To the north of the distillery lie the misty mountains of the Sierra Nevada de Santa Marta. Known to their Indigenous guardians as “The Heart of the World” these unique mountains predate the Andes and sit upon their own tectonic plate. From the palm-fringed beaches of the Caribbean to the glacial peaks of Colon and Bolivar (Colombia’s highest mountains), the Sierra Nevada rises from sea-level to almost 6,000 metres in just 26 miles, making them the tallest coastal mountains on earth! There are places along the Caribbean coast where it’s possible to stand with your feet in the sea and look at snow-capped glaciers in the distance: surely the only place on earth where such an experience is possible.
And the Sierra Nevada isn’t just a geological miracle; it’s an ecological one as well. Recently declared the most irreplaceable ecosystem on Planet Earth due to its staggering array of endemic and endangered species, the habitats that make up this magical place encompass just about everyone on earth, from coral reefs to high-altitude moorland. From the secretive jaguars stalking their jungles to the mighty condors which soar above their jagged, sacred peaks, the Sierra Nevada is home to some of Colombia’s most representative and endangered species. The staggering number of endemic species (species unique to the area) in the Sierra Nevada is part of what makes the region so irreplaceable – if we lose birds like the Santa Marta Parakeet or Blue-bearded Helmetcrest, there’s no saving them elsewhere; they will be gone for good.

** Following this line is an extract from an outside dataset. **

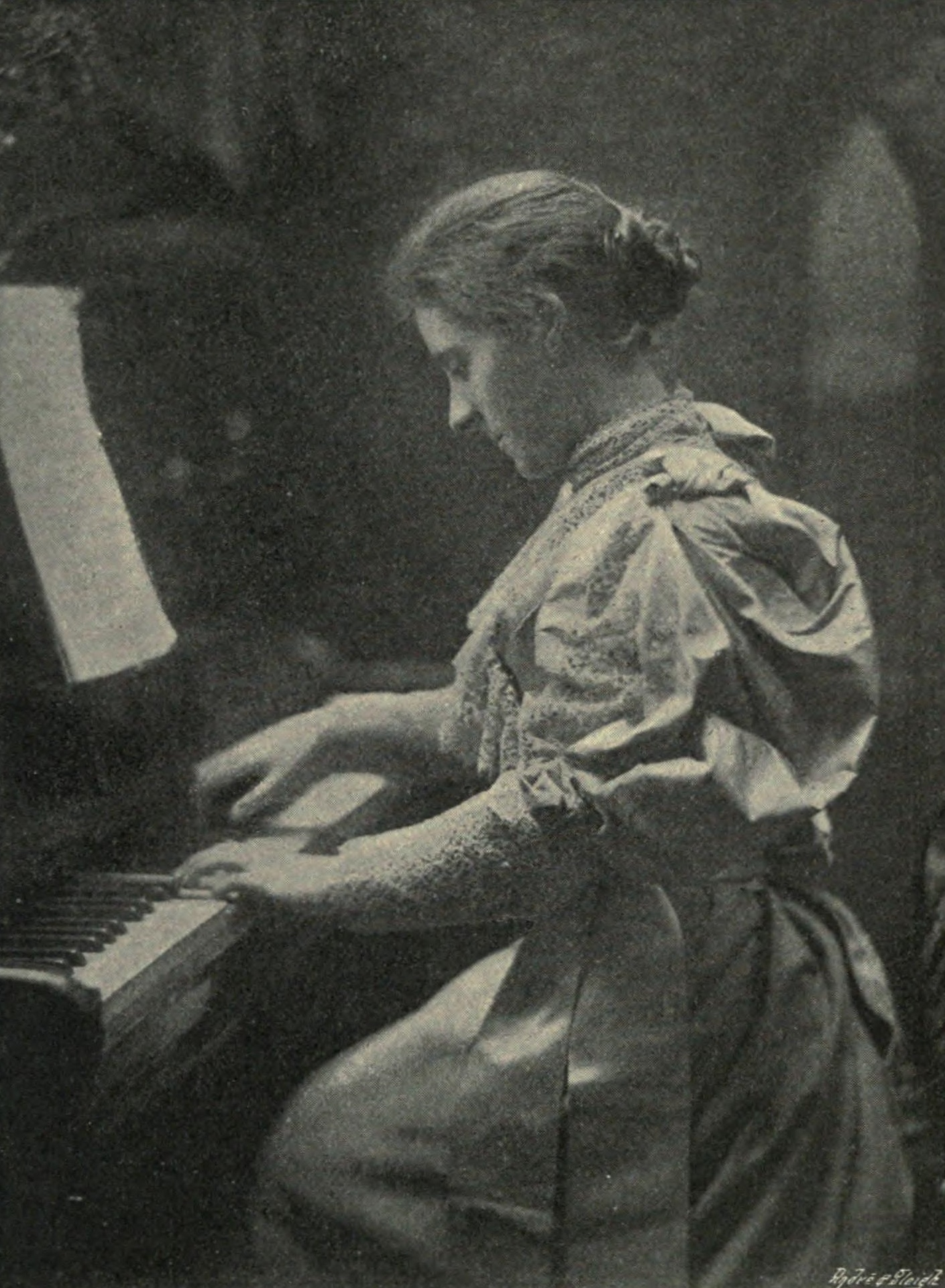 Portrait of Fanny Davies

To the south-east of our Graffiti Museum is one of South America’s least understood and most biodiverse mountain ranges: the Perija Mountains. Until recently no-go zones due to the Colombian conflict, these forgotten mountains straddle the border of Colombia and Venezuela and are part of the final stages of the Andes’ epic 7,000km journey along the length of the South American continent. Perija’s wildness once served as a shelter for two key fronts of the FARC guerrillas, but the area has been safe for a few years now and we are only just beginning to understand their ecological importance.
In its isolation, Perija has sheltered a biodiversity that potentially rivals its northerly neighbour the Sierra Nevada de Santa Marta. With four endemic bird species already discovered there (the Perija Tapaculo, Perija Metaltail, Perija Brushfinch, and Perija Thistletail), and potentially many more on the way as scientists begin to penetrate its lost valleys and moorlands, these mountains are vital to conservation efforts in Colombia. It would be a crime to lose the biodiversity of Perija before we have even had time to fully understand its depth and diversity.
There are potentially ten or more new endemic species to discover there, not to mention the number of new species of other flora and fauna that could potentially be living there.
The battle to protect the Sierra Nevada de Santa Marta and Perija is only just beginning, as the pressures of global warming, deforestation, and human expansion mount, and these ecosystems face an increasing threat to their survival. We are privileged at Dictador Art Masters that our Graffiti Museum lies in an important ecological corridor between these two endangered environments and we do not intend to waste that privilege.
Therefore, our #ArtDistilled project will have a strong conservation message. By raising awareness of the plight of this region and its biodiversity we hope to be able to play our part in ensuring that the most irreplaceable places on earth never have to be replaced.